The Other Blue Passport – What it can mean to be foreign at this time.
By Mumbi Kanyogo
I've been reading a lot about intersectionality, from June Jordan to Patricia Hill Collins to the Combahee River Collective Statement. I spend a lot of time trying to understand how privilege exists in conversation with oppression in our daily lives, in our literal beings. I am learning to understand that oppression’s existence is so normal that even the freedom I imagine is not freedom in its purest form; it is imagined within the constraints of a world that reconstructs hardship over and over and then tells you that you are free
And then there is me, black woman migrant. Immensely privileged to be obtaining a western education, but also living here in this moment where the origin of my passport is more important than the safety of my body. Extremely proud to be able to engage and inherit from the legacy of black feminism, but also existing with the understanding that my body has never been an emblem of freedom - that my soul has always been more important than my body to these white preachers who see me as some sort of evangelical currency. Hurt, scared and nervous for the future, but not Muslim – not being forced to reimagine my God as poison. And I am here as woman, blighted and tampered with, forever seeking out ways to discontinue my past - to learn how to avoid rape, as if it is a birthright that can't be rejected - inherited through vagina, not blood.

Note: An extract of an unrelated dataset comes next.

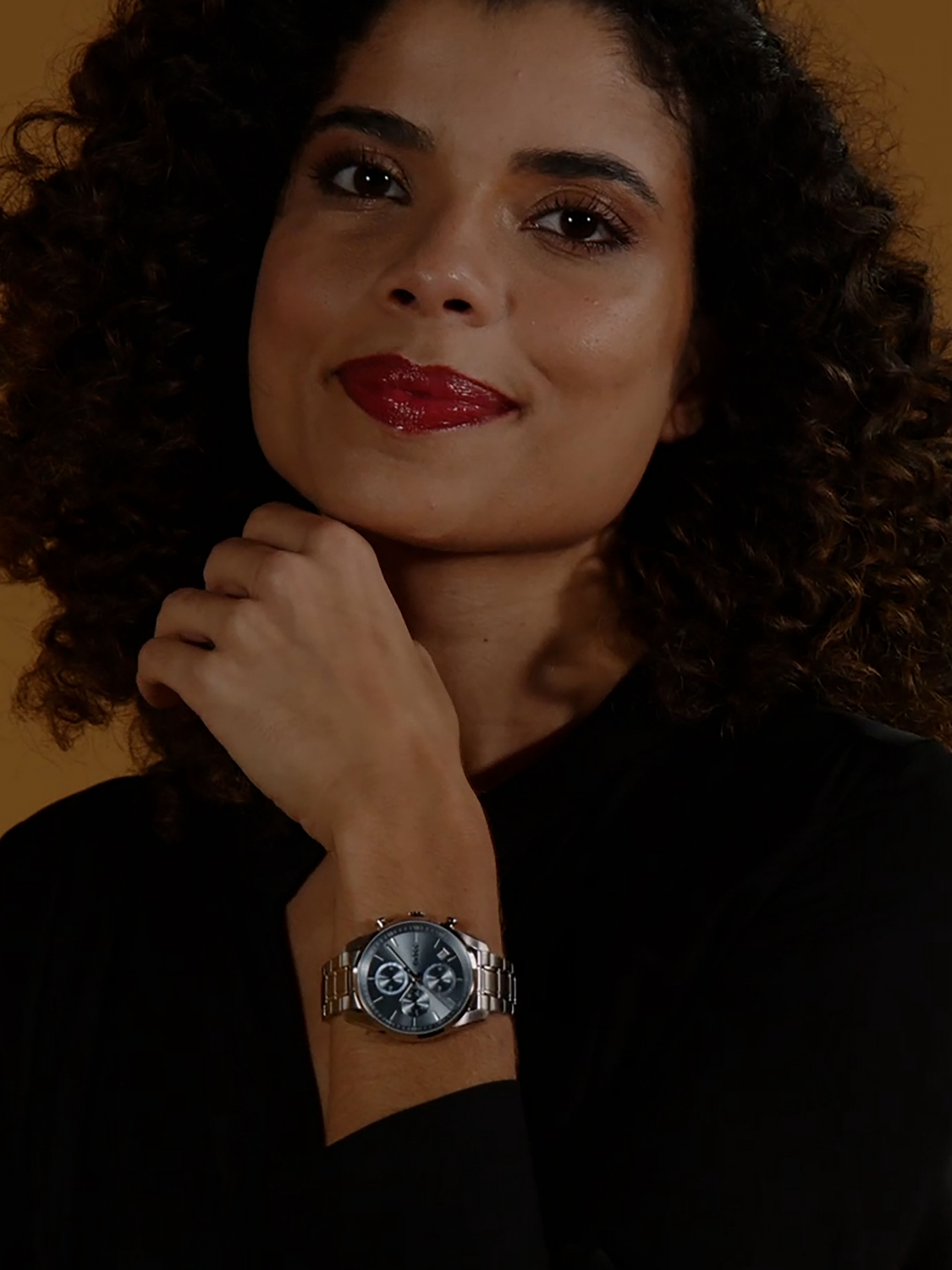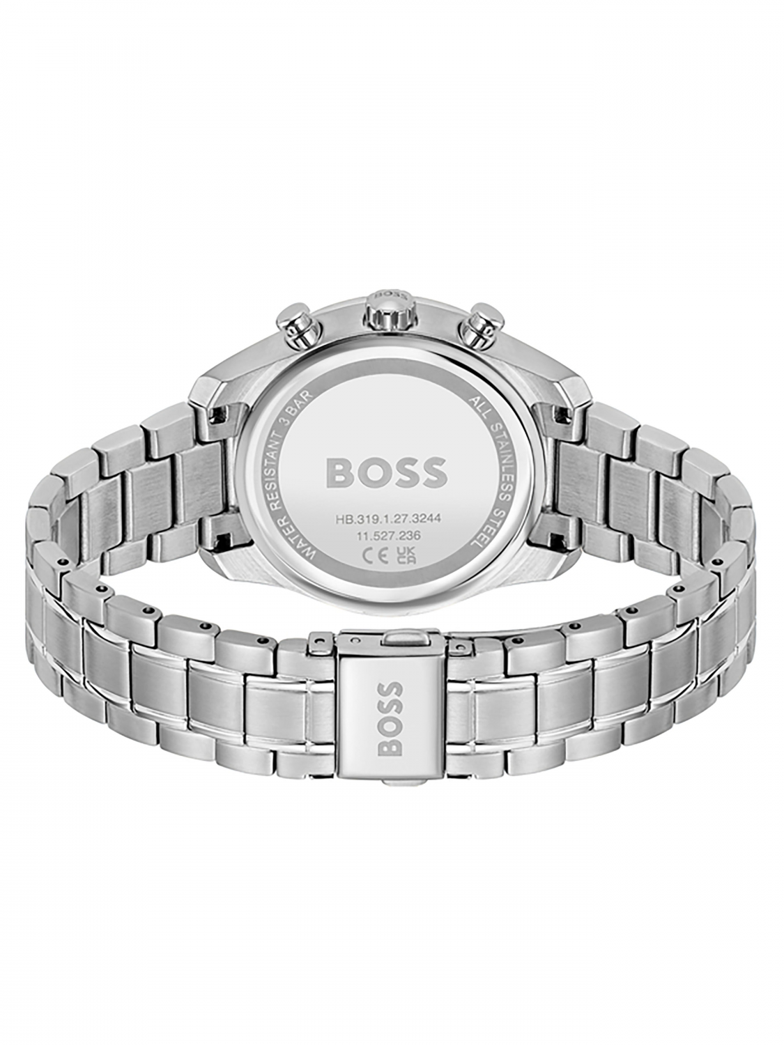 Эта модель хронографа имеет светло-голубой циферблат и апертуру даты между 4 и 5 часами. На циферблате расположены серебристые часовые индексы. Корпус из нержавеющей стали. Диаметр корпуса составляет 38 мм.Браслет выполнен из нержавеющей стали, который застегивается на раскладывающуюся застежку. Водозащита от случайных брызг и капель дождя.

My mother calls me in the middle of the day like she usually does before she puts her children to bed. We mediate our love through different time zones. Her voice reminds me of mountains traversed, hope and home. It is exactly how I left it. But today, it's littered with an uncertainty that reminds me of fleeing - she tells me to be careful, to hold onto faith. We have made it once before, we will make it again – we are still here. I am still here. I reassure her and tell her I love her and hang up as I continue writing an application. Later I realize how writing that application was a revolutionary act - I was speaking my claim on this ground into existence. I was speaking my future into existence, in a moment when my life feels so fragile; a time when my future is at the mercy of a stroke of a pen.
I know that this shouldn't be easy, but I keep wanting to disrupt this conversation and I am fighting a desire to act like my foreignness does not exist (sometimes I say I'm from New Jersey, because Kenya means Africa, means foreign, means immigrant, means unworthy of the space I occupy). I have not perfected the art of living with that “disadvantage” on my sleeve and I am not planning on it. I learnt self-preservation after resistance but sometimes surviving this moment calls for the former not the latter.

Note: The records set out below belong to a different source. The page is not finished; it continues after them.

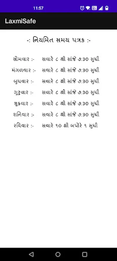 Laxmi safe deposit Walt provide locker based securities services. Laxmi Safe application is only surat/India based only laxmi safe walt's users. Laxmi Safe application purpose is provide time details to them users. Specially in Diwali holidays time schedule is different.
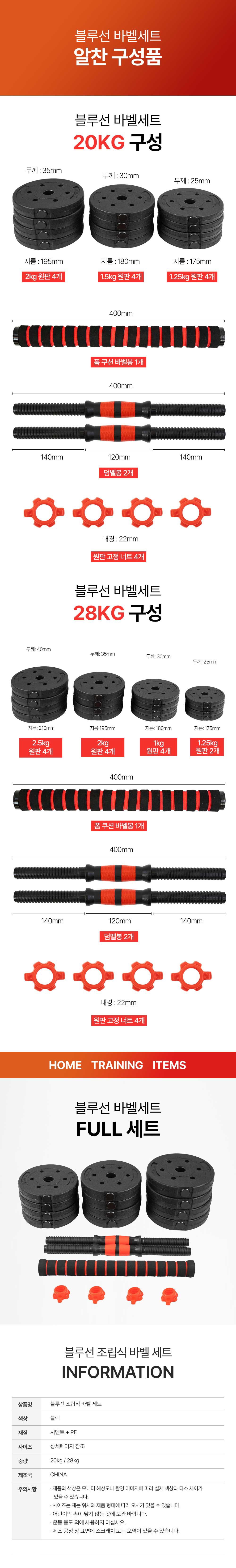 | 품명 및 모델명 | 블루선 아령 덤벨 운동 바벨 세트, 1세트, 블랙, 28kg | KC 인증정보 | 해당없음 |
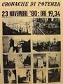 na. Dà notizie di sé, vuole notizie degli altri. TP1….TELEPRETORIA1. Per noi questo è stato il TERREMOTO. È quasi giorno. Per fortuna. Mi alzo. Ora sentiro’ le altre notizie dalla tv. Almeno finisce qui il rumore del buio.!La foto di copertina è stata gentilmente concessa dal collega dGiuseppe Fiorellino che, come tanti altri giornalisti di oggi, ha partecipato all’avventura di Tpi, e riprende la tenda allestita il giorno 24 novembre dell’80 a Montereale per continuare le trasmissioni televisive e fare da collegamento con i servizi di emergenza. a fianco Andrea Sansone premiato a Saint Vincent per il ruolo che la prima televisione potentina ha saputo tenere in quelle circostanze. Nella foto di copertina si intravedono Giuseppe Golluscio e il compianto, indimenticato Ciccio Possidente, cineoperatore di altissima professionalità
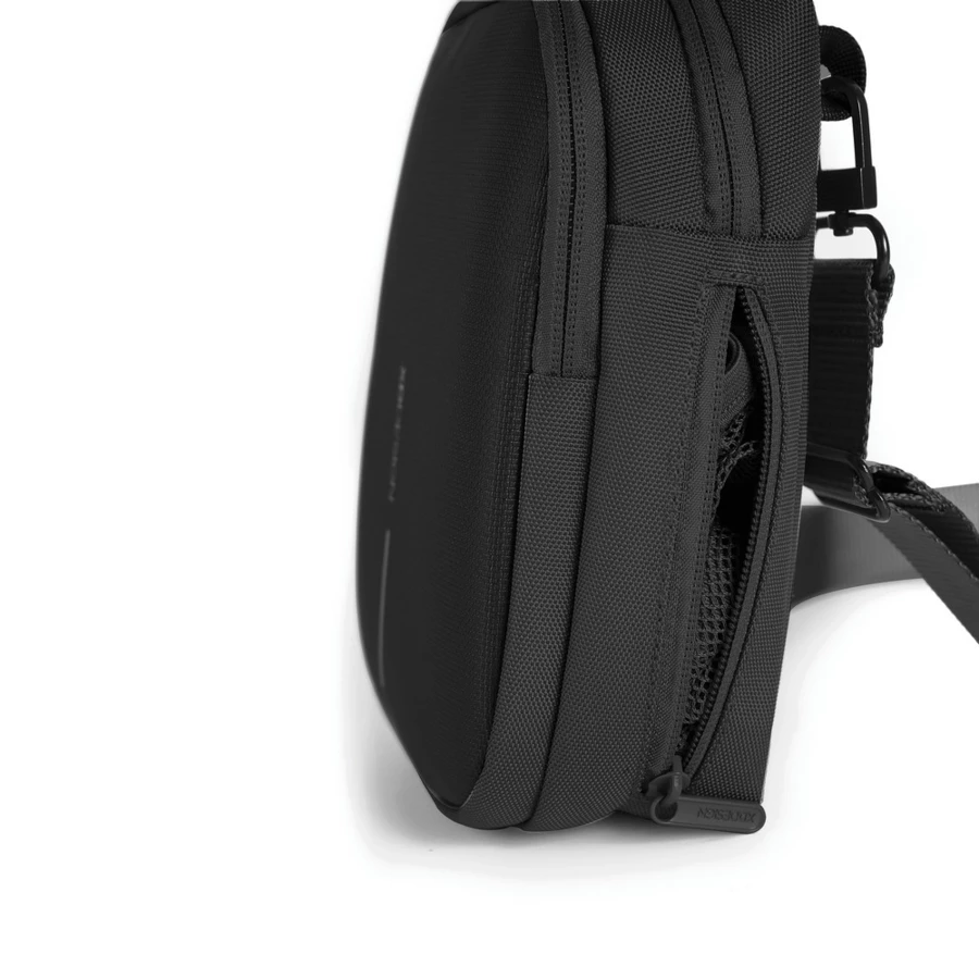 Torba na ramię, saszetka, ukryta kieszeń z tyłu, ukryta kieszeń na butelkę, wykonana z materiałów z recyklingu, dzięki zastosowaniu technologii fizycznych znaczników AWARE™ wykorzystane materiały są identyfikowalne z pochodzenia, ślad węglowy produktu: 2,94 kg CO2
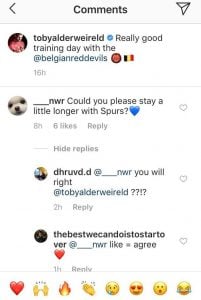 One fan commented on Toby’s latest Instagram pic, asking ‘Could you please stay a little longer with Spurs?’
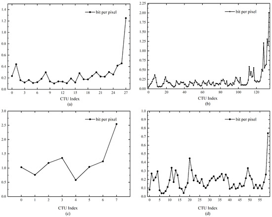 While the HEVC coding standard adopts the first mode of rate control as its intra-mode, the VVC standard uses the second mode for its intra-mode, which is also known as Bitrate-based Rate Control. In this mode, the value of λ for each CTU will be calculated based on the number of remaining bits of that CTU and the parameters α, β, and γ (limiting the number of bit counts at the frame and image level). In this way, the remaining bit count will be equally distributed to each CTU to achieve the target bit rate for the whole frame. This ensures that the image quality is balanced across CTUs and reduces the space occupation. However, the research in [30] mentions the phenomenon that in the actual coding process, the bit cost of the last one of a set of CTUs to be assigned is often much larger than the bit cost of all the preceding CTUs. Some of the results of the verification using the official test sequences provided by the VVC standard with the default rate control algorithm turned on in the coding mode of all intra are shown in Figure 2. In the figure, we use some of the official test sequences to observe the bit cost allocation per CTU under different bit cost conditions in intra mode.

In my prayers I ask for the strength to shut my mind down, because these days it is a catalyst to its own demise.
I am a single, cis-sexual heterosexual woman. And yesterday as I was reading “All About Love” by bell hooks, I realized that I will probably go through my entire college career without engaging in a “proper” romantic relationship. And for the first time that did not move me. I understand my singleness – it exists at the intersection of wanting so badly to own my body, my mind, my time and wanting so badly to love someone and to let them know they are wanted in a world where love is so often rationed. But today I feel like a bomb waiting to explode – and I wonder whether my accent betrays the temporality of my existence here. Today I feel like it would be dangerous to love me in this political moment but also in this personal moment where this country does not care to see me in my completeness; a moment in which I also do not want so much of myself to be known.

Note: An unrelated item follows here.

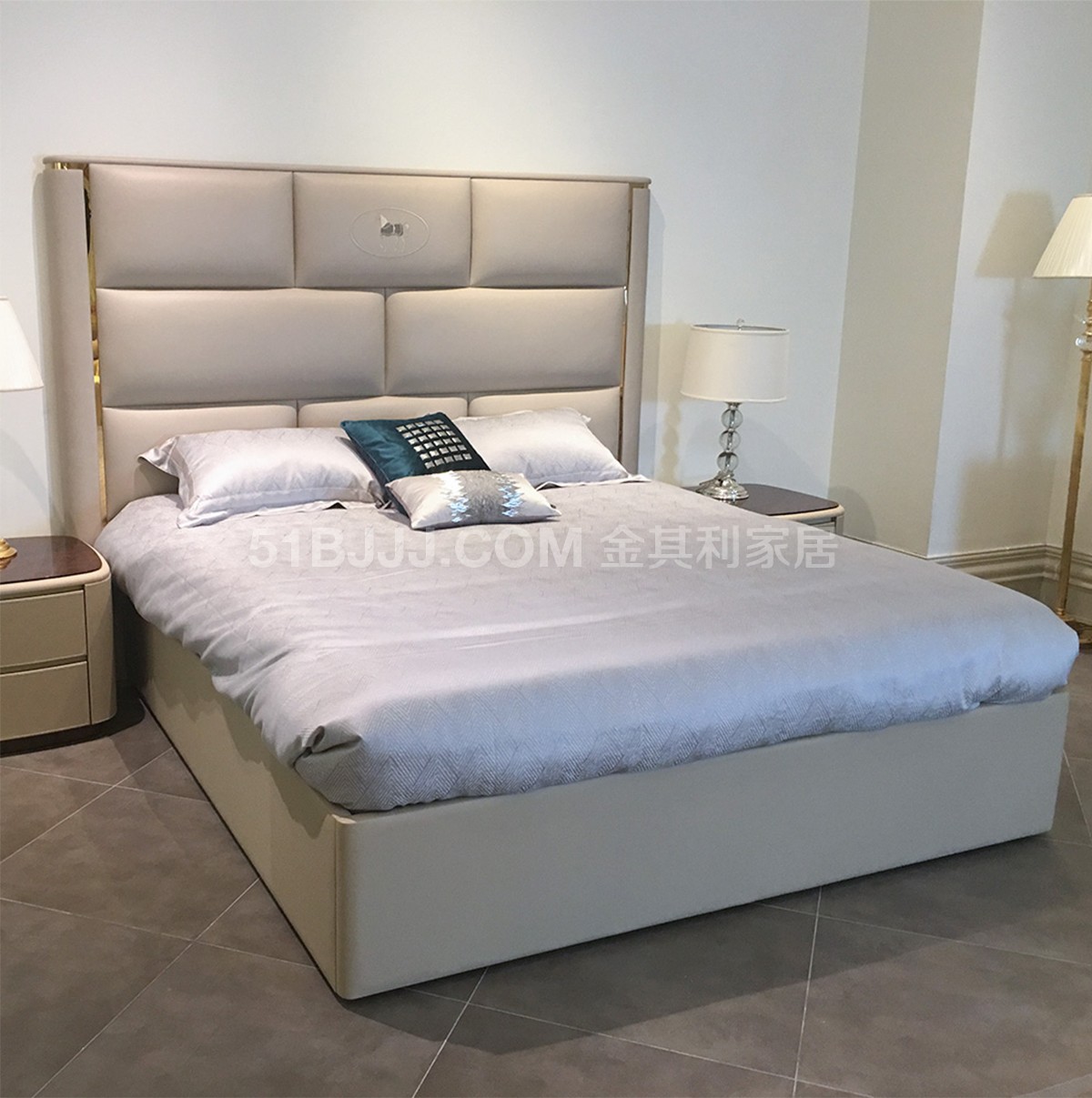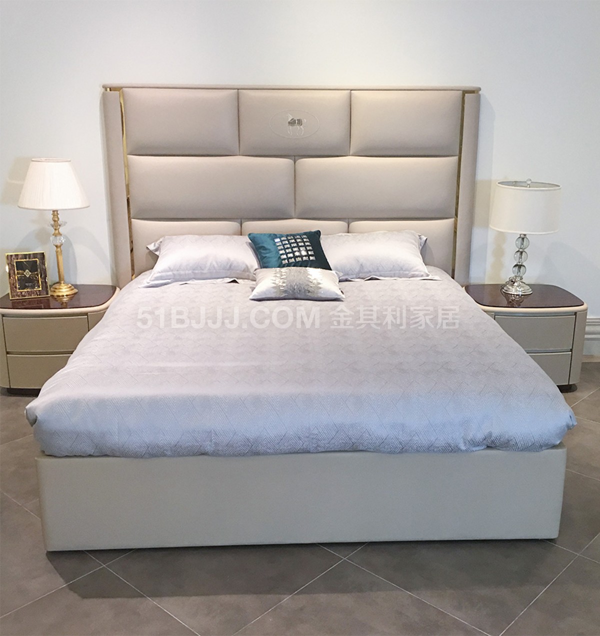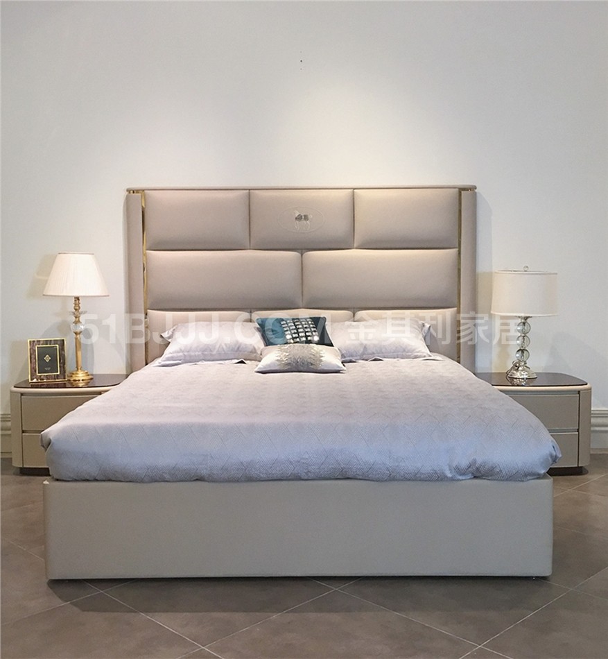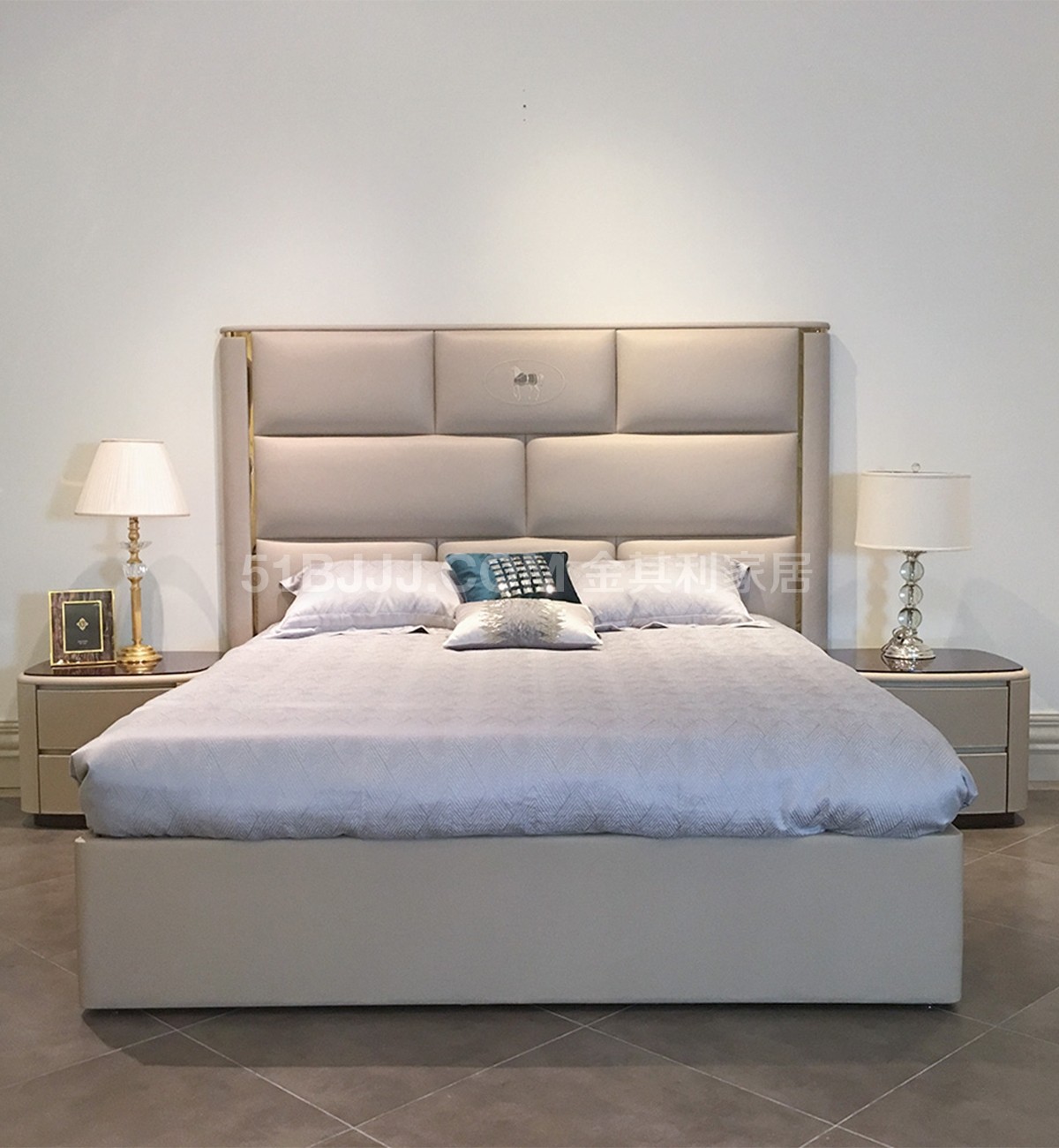 金其利家具芬迪雙人床頭層牛皮經典實木軟包床輕奢后現代家具

My passport has never felt like a source of privilege. I have a blue passport, but not THE blue passport. My passport usually means hundreds of dollars in visa fees, and “special security checks” when crossing borders – it means distrust and suspicion and underestimation. But today it means that I can stay here, however temporary this state may be, whatever executive order may be issued tomorrow, today I get to stay here and fight. I say all this to interrogate the complicated relationship that one can have with power. I am a black woman yet educated, I am a migrant but not from those seven countries. As Henry Washington said in one of my classes, many of us exist as both oppressed and as a tool of oppression, and we need to acknowledge how our relationship to power is forever shifting. Some of our identities are permanently under assault in a place that continues to affirm itself as white supremacist, capitalist, anti-woman, anti-queer, anti foreign, anti-Muslim but what does it mean to be able to fight? What does it mean to be able to be here?
I do not hold a monopoly on powerlessness, and I have been given a mind that understands words to be swords. I am scared, but today I don’t get to give up, and so I am promising myself that I will fight. I believe that the definition of fighting is not static – today it may mean surviving, tomorrow it may mean protesting, later it may mean loving someone ferociously, in two years it may mean finishing my degree and applying to law school. My fight can mean many things, but I always want it to mean resistance. I always want it to mean loving this place even when it tries to spit me out.
**This essay was awarded Honorable Mentions at "Who Am I?" Multimedia Essay Contest 2017.